Supplied material →
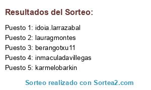 Lista de participantes: a.hernandez.cid, aimibel, Albboxnum1, albert63-pat58, amgm7711, andoniubillos, asisardon, barafl, begonasanz, berangotxu11, blanquita--300, cvicentelizundia66, dcantoyac, esferblue, evamlago, garciagf, gargonto, gentzlalala, hitv, idoia.larrazabal, inmaarceagote, inmaculadavillegas, juanma_lada, karmelobarkin, lagurtza, lauragmontes, lolivelascolopez, lolyg, luz.alma, maajung, machacon, maidertxues, mariadojenaragon, marianmblb, miguel.loza78, monycaza, morozappa, nerea.crespo, perez.jimenez.raul, picanog, projo, rbkg2002, sanchezlucia1983, sissyvegar, sonimarjo, titoboxeo, viota.maria.
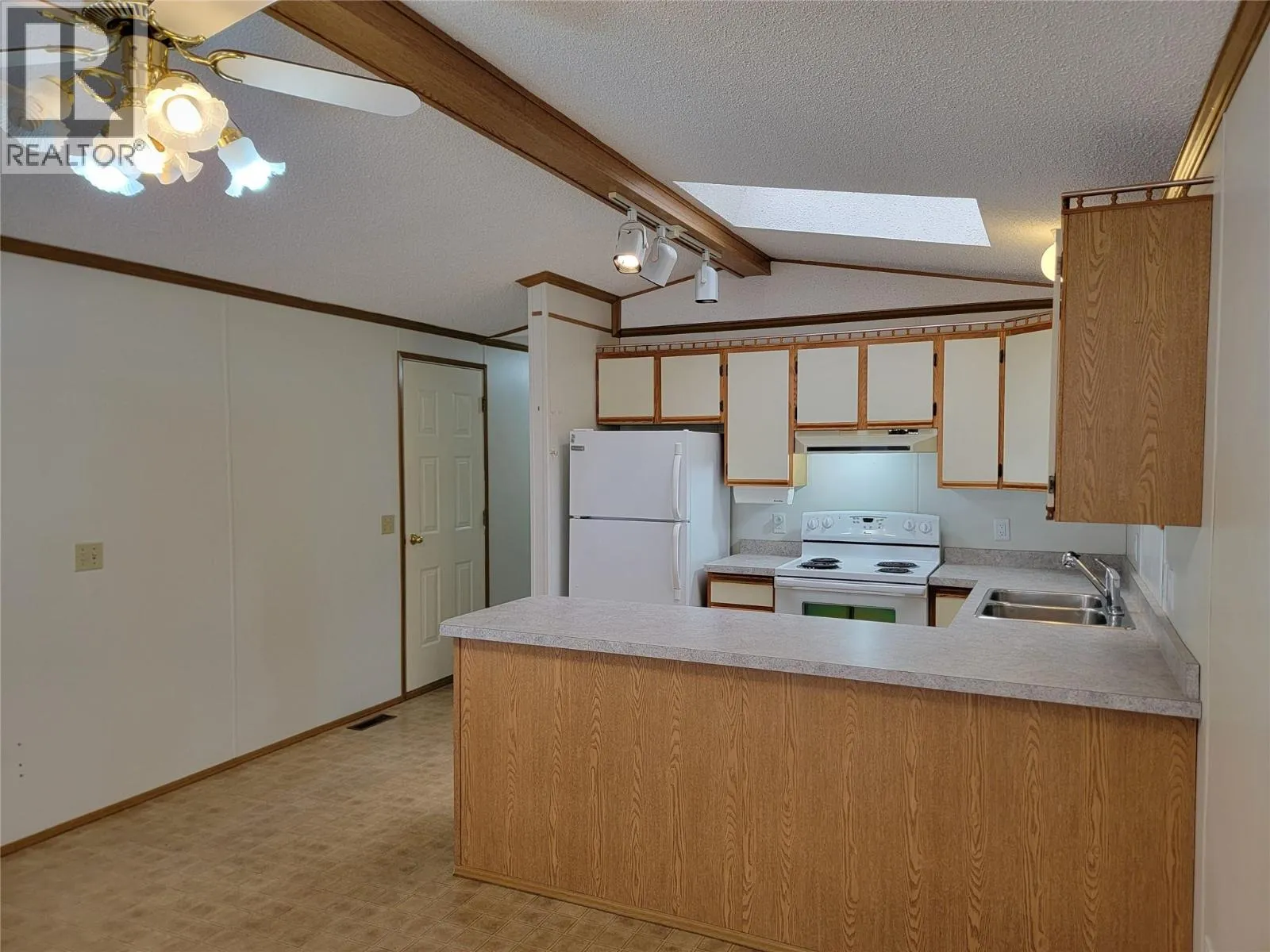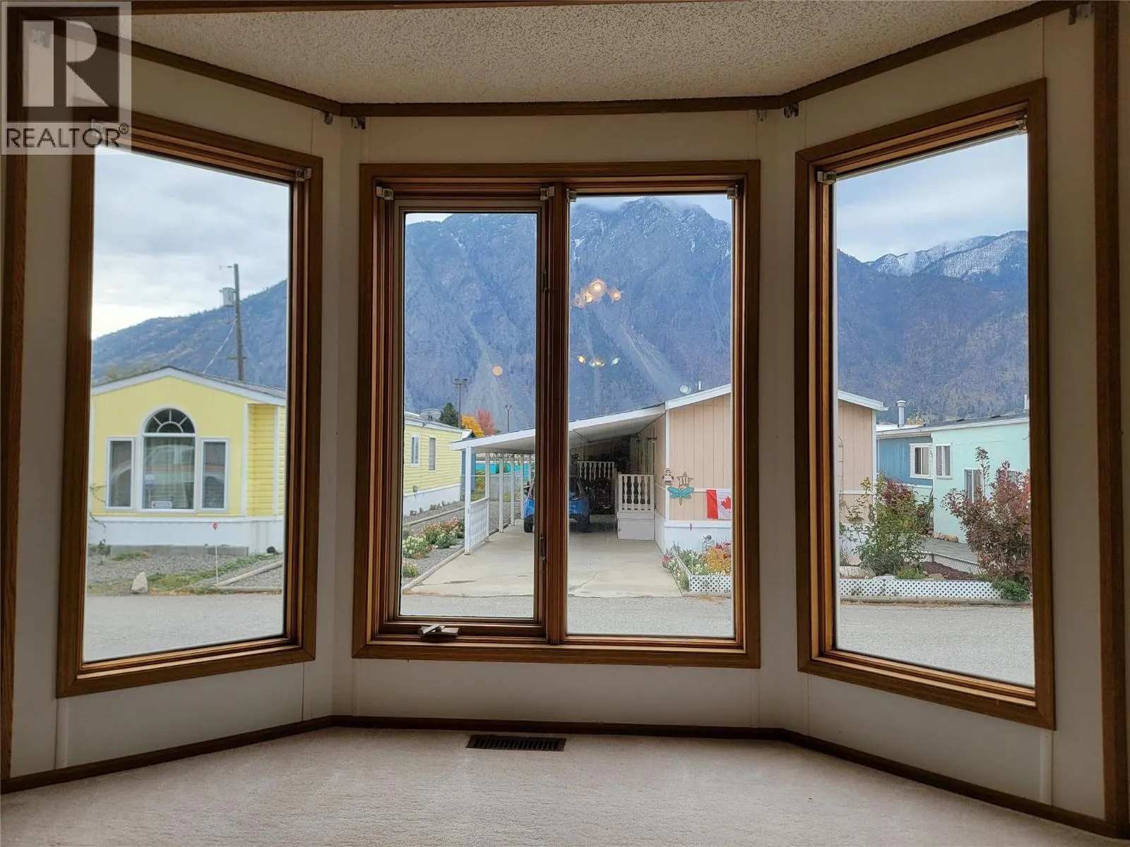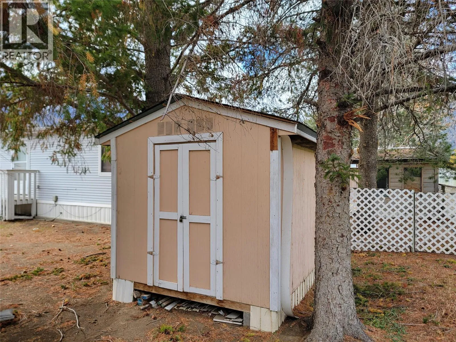 K Mountain Mobile Home Park - beautiful central location with no age restrictions and pet friendly! This home is close to schools, shopping, and the rec centre (bowling, skating, fitness and more!). 2 bed 1 bath mobile home features carport, covered deck, insulated storage room with standup freezer, and storage shed. Stunning views of K-Mountain from the living room window. Large primary bedroom has double closet doors and bathroom tub has been adapted making it easier to step inside to shower. Gas furnace and central cooling for enjoyable living year round. Monthly pad fee of $524.17 includes water, sewer, garbage/recycling and snow removal. Measurements are approximate. (id:27476)
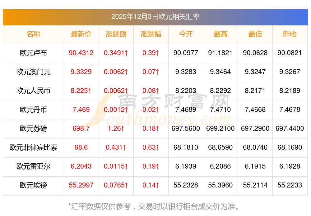 根据2025年12月3日汇率,欧元兑换秘鲁新索尔汇率最新价3.921500,今开价3.9156,昨收价3.9149,最高价3.9242,最低价3.9141。

Your assignment → Retype the data shown above exactly, excluding any picture it contains.

Solution for this exercise →
 Lista de participantes: a.hernandez.cid, aimibel, Albboxnum1, albert63-pat58, amgm7711, andoniubillos, asisardon, barafl, begonasanz, berangotxu11, blanquita--300, cvicentelizundia66, dcantoyac, esferblue, evamlago, garciagf, gargonto, gentzlalala, hitv, idoia.larrazabal, inmaarceagote, inmaculadavillegas, juanma_lada, karmelobarkin, lagurtza, lauragmontes, lolivelascolopez, lolyg, luz.alma, maajung, machacon, maidertxues, mariadojenaragon, marianmblb, miguel.loza78, monycaza, morozappa, nerea.crespo, perez.jimenez.raul, picanog, projo, rbkg2002, sanchezlucia1983, sissyvegar, sonimarjo, titoboxeo, viota.maria.
 K Mountain Mobile Home Park - beautiful central location with no age restrictions and pet friendly! This home is close to schools, shopping, and the rec centre (bowling, skating, fitness and more!). 2 bed 1 bath mobile home features carport, covered deck, insulated storage room with standup freezer, and storage shed. Stunning views of K-Mountain from the living room window. Large primary bedroom has double closet doors and bathroom tub has been adapted making it easier to step inside to shower. Gas furnace and central cooling for enjoyable living year round. Monthly pad fee of $524.17 includes water, sewer, garbage/recycling and snow removal. Measurements are approximate. (id:27476)
 根据2025年12月3日汇率,欧元兑换秘鲁新索尔汇率最新价3.921500,今开价3.9156,昨收价3.9149,最高价3.9242,最低价3.9141。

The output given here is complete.